Data extracted from a collection
──────────

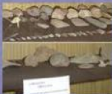
Orodje in orožje iz kamna
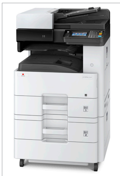
d-Copia 255MF con pedestal PF-470 con 1 cassette adicional
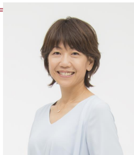
ライズ 製品開発アドバイザー 高橋尚子さん

中学から本格的に陸上競技を始め、県立岐阜商業高校、大阪学院大学を経て実業団へ。1998年名古屋国際女子マラソンで初優勝、以来マラソン6連勝。2000年シドニー五輪金メダルを獲得し、同年国民栄誉賞受賞。2001年ベルリンでは女性として初めて2時間20分を切る世界記録（当時）を樹立する。2008年10月現役引退を発表。公益財団法人日本陸上競技連盟 理事、公益財団法人日本オリンピック委員会 理事、公益財団法人東京オリンピック・パラリンピック競技大会組織委員会アスリート委員会委員長。その他「高橋尚子のスマイル アフリカ プロジェクト」や環境活動、スポーツキャスター、JICAオフィシャルサポーターなどで活躍中。
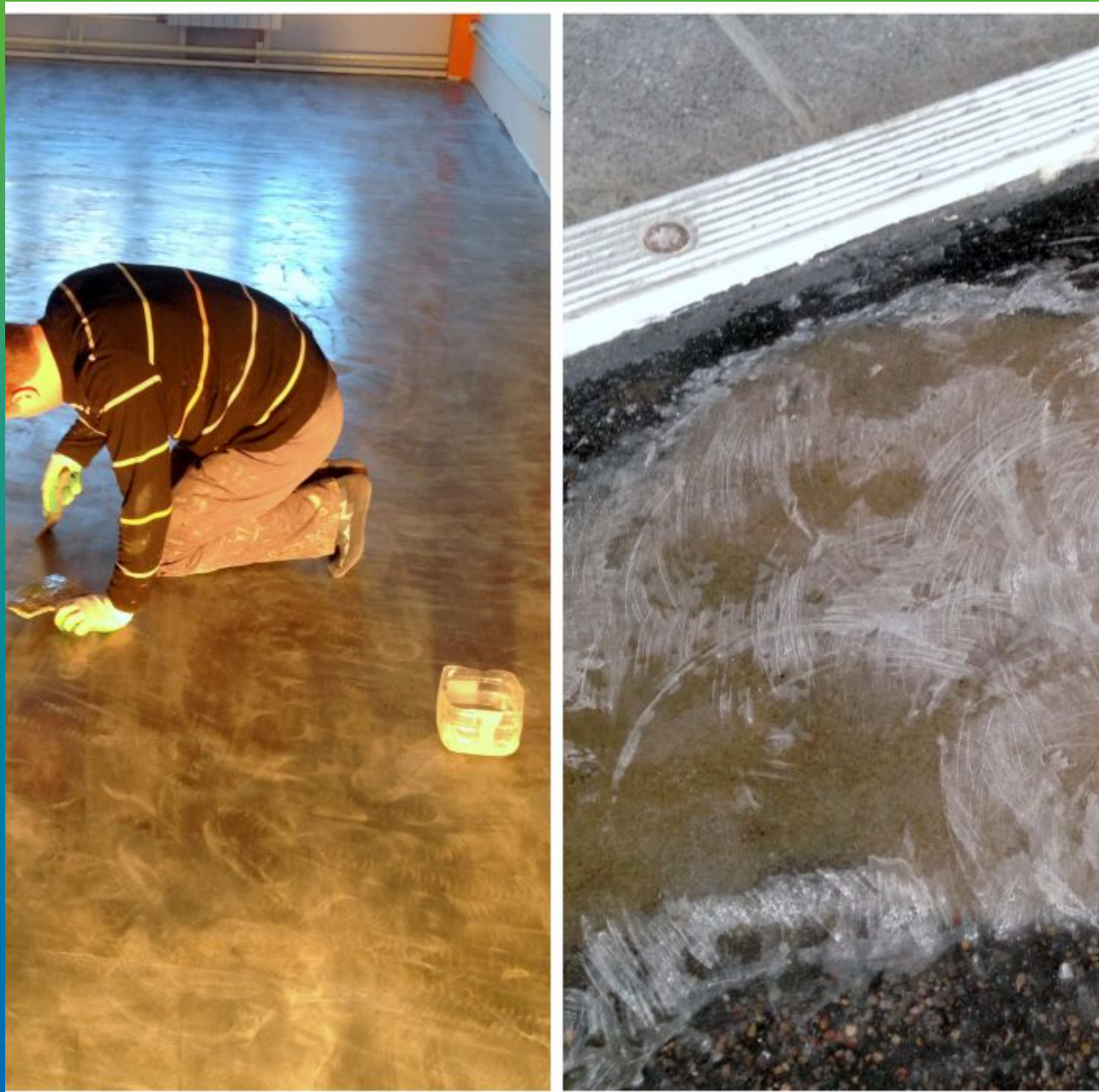
Подготовка основания. Локальный ремонт дефектов.
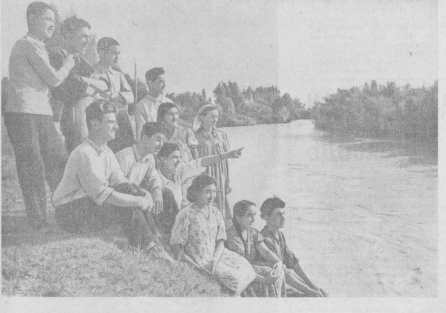
Получив аттестат зрелости, выпускники школ Средне-Чирчикского района решили остаться работать в колхозах своего района. НА СНИМКЕ: группа выпускников, изъявивших желание пойти на животноводческие фермы.

ТЕГЕРАН, 7 июня. (ТАСС). Тегеранский журнал «Ханданна» в передовой статье, озаглавленной «Агонизирующий меджлис», резко критикует деятельность нынешнего состава меджлиса, полномочия которого истекают в этом году. На протяжении четырех лет, пишет журнал, меджлис оставался слеп и глух к нуждам страны и народа. Он был свидетелем резкого повышения стоимости жизни и увеличения различных поборов. В ответ на это меджлис ограничивался лишь пустыми выступлениями нескольких депутатов. С его ведома в страну ввозились и ввозятся широкий ассортимент потребительских товаров, подрывающих внутренние устои страны.
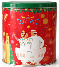
Envase 680 gr
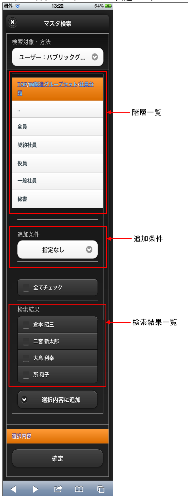
【図：ユーザ検索（パブリックグループ）画面表示】
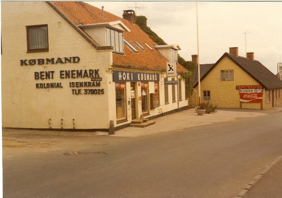
Butikken omkring 1975. Fru Bachs hus er købt, og der er parkering bagude i gården. Fra mit album.
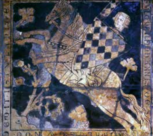
Foulque de Saint-Aldegonde, membre d'une grande famille audomaroise, immortalisé sur un carreau de pavement de la cathédrale de Saint-Omer au XIII e siècle.
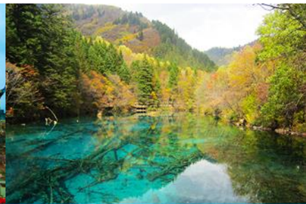
อุทยานจิวจ้ายโกว
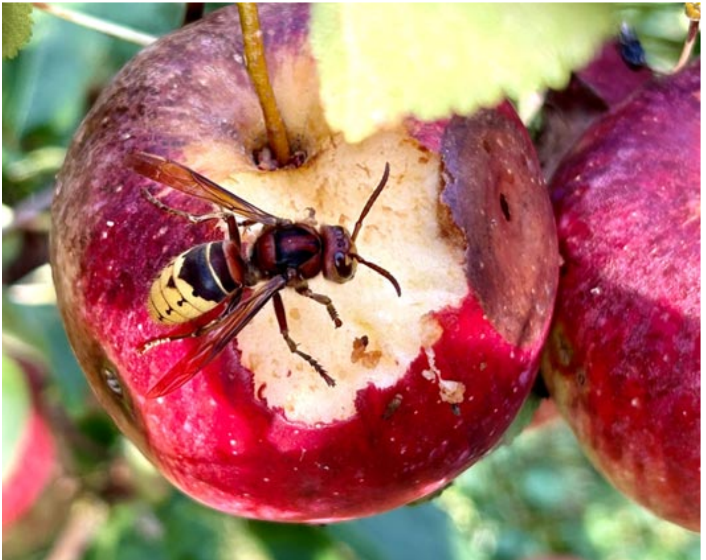
Schlemmen in den herbstlichen Leckereien.
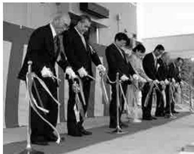
三協・川本町・島根県の関係者らによるテープカット

平成30年4月13日（金）川本町大字南佐木の旧三原小学校グラウンドで、株式会社三協島根川本工場の竣工式が行われました。式典は、三協・川本町・島根県の関係者によるテープカット、地元の方々の手作り料理や三原神楽団の『恵比須』で、川本町では56年ぶりの誘致企業の進出に盛り上がりを見せました。式典後には、完成した工場内の一般公開もあり、多くの町民の方が訪れました。 操業開始後には、町出身者を含む多くの従業員の方がこの工場に働き、町の新たな雇用の場として期待されています。
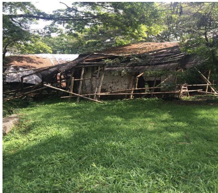
Figura 2. Imagen del Trapiche, 8 de marzo de 2016.
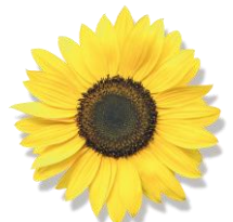
ひまわり種子油 (保湿成分)
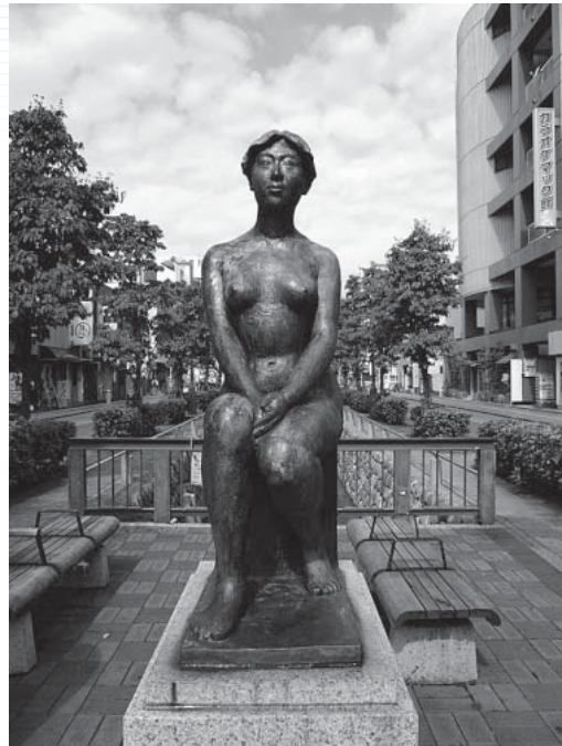
星川通線シンボルロードのブロンズ像

もう一つの旧大里町と旧江南町を訪ねるコース内には、「根岸家長屋門」や「文殊寺」などの史跡のほか大里、江南の二つの農産物直売所がある。“よくばり”と言うほど見所が多く、走行距離も約25キロに及び、ゆっくり走れば一日の観光コースとなる。これら観
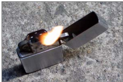
オイルライター ライターの芯が石綿できている時代がありました。(ライター使用によるばく露はありません)
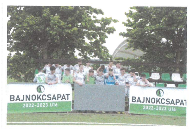
Bajnok az u16-os csapatunk!

Mi, Budaörsön dolgozó szakemberek hiszünk benne, hogy az életkornak megfelelően több irányból is megközelíthetők a sikerek. A sportági iránti elkötelezettség és szeretet, a játék öröme biztos alapot jelentenek a későbbi teljesítménynek. A stabil technikai és taktikai bázis megteremtését követően, a tehetséggondozáson és a kreatív játékon alapuló egyéni teljesítményen túl, célunk a mérkőzésérettység és a megfelelő mentális stabilitás kialakítása, hogy a korosztályos képzést végigjárva, játékosaink, akár Budaörsön, profi labdarúgóvá válhassanak. Ennek ékes bizonyítéka, hogy a 2022/2023-as szezonban u16-os csapatunk megnyerte a bajnokságát, u19-es csapatunk pedig ezüstérmes lett..
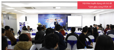
Hội thảo tuyển dụng với chủ đề "Làm giàu cùng STDA 1A"

Tiếp nối thành công từ chương trình "1000 cơ hội làm giàu cùng nghề BĐS tại CENGROUP", chiều ngày 06/02/2015 vừa qua, siêu thị dự án 1A đã tổ chức Hội thảo tuyển dụng với chủ đề "Làm giàu cùng STDA 1A" tại 137 Nguyễn Ngọc Vũ, Cầu Giấy, Hà Nội, thu hút đông đảo ứng viên. Tham dự Hội thảo, ứng viên đã được tìm hiểu về quy mô, tiềm lực của CENGROUP nói chung và STDA 1A nói riêng. Đồng thời, cũng được chia sẻ về cơ hội phát triển bản thân và "làm giàu" khi trúng tuyển.
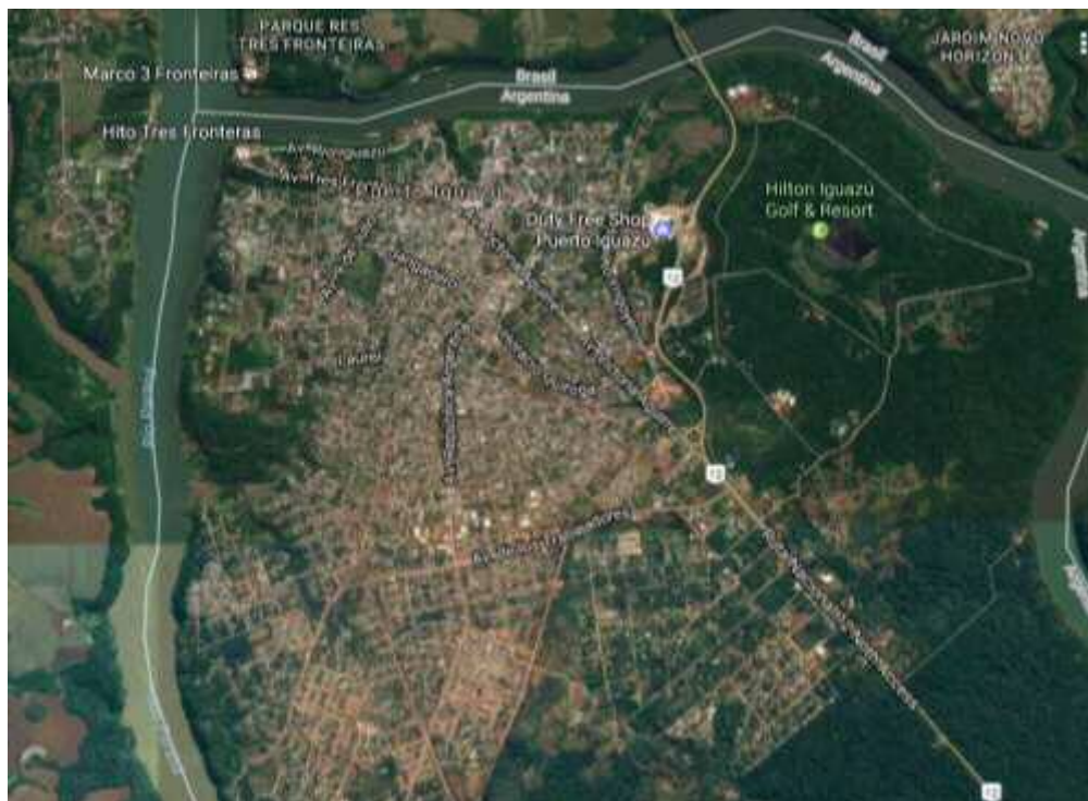
Tabla 3 Puerto Iguazú

Diversos trabajos de planificación detallan las dificultades de ordenamiento territorial y de déficit de infraestructura urbana. Sin embargo, la problemática sigue vigente y se agudiza con el contexto “Puerto Iguazú careció históricamente de una adecuada planificación, su trazado es caótico y tiene grandes falencias en los servicios básicos de agua y electricidad, no cuenta con sistema cloacal y los arroyos que atraviesan el ejido municipal están altamente contaminados” (Gandolla, 1995 en Núñez, 2009: 3).
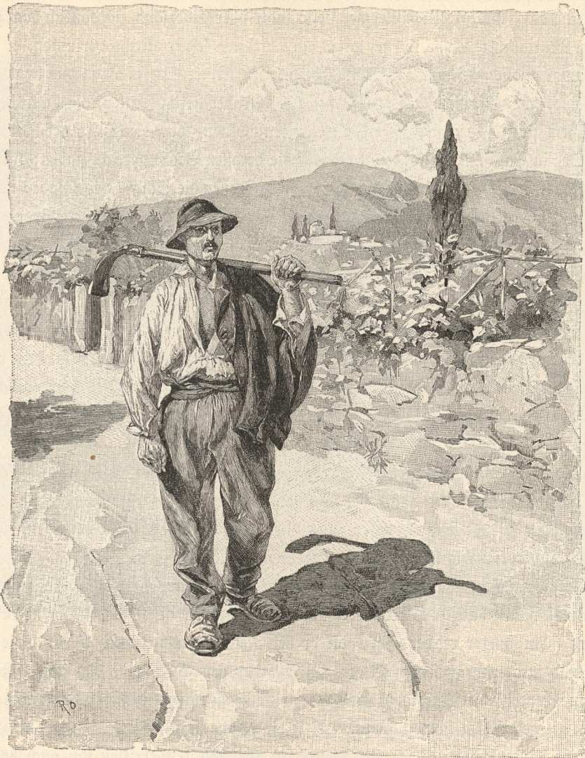
Segantino aus Jubicarien.

wasser ausschenkt, und der Salvanel, der ähnlich wie sonst der Drco, die Leute grausam narret und zum Besten hat. Dann beginnt das Reich der Hexen mit ominösen, aber nicht immer recht verständlichen Namen, wie Aga und ihre mit Zampadegal erzeugte Tochter
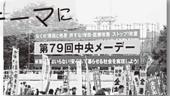
晴天のもと開催された全労連系メーデー

──────────

> **What to do**:
Your answer should consist of the lines above between those holding "Figura 2. Imagen" and "Bajnok az u16-os csapatunk!", inclusive, reproduced word for word and without pictures.

> **Response**:
Figura 2. Imagen del Trapiche, 8 de marzo de 2016.
ひまわり種子油 (保湿成分)
星川通線シンボルロードのブロンズ像

もう一つの旧大里町と旧江南町を訪ねるコース内には、「根岸家長屋門」や「文殊寺」などの史跡のほか大里、江南の二つの農産物直売所がある。“よくばり”と言うほど見所が多く、走行距離も約25キロに及び、ゆっくり走れば一日の観光コースとなる。これら観
オイルライター ライターの芯が石綿できている時代がありました。(ライター使用によるばく露はありません)
Bajnok az u16-os csapatunk!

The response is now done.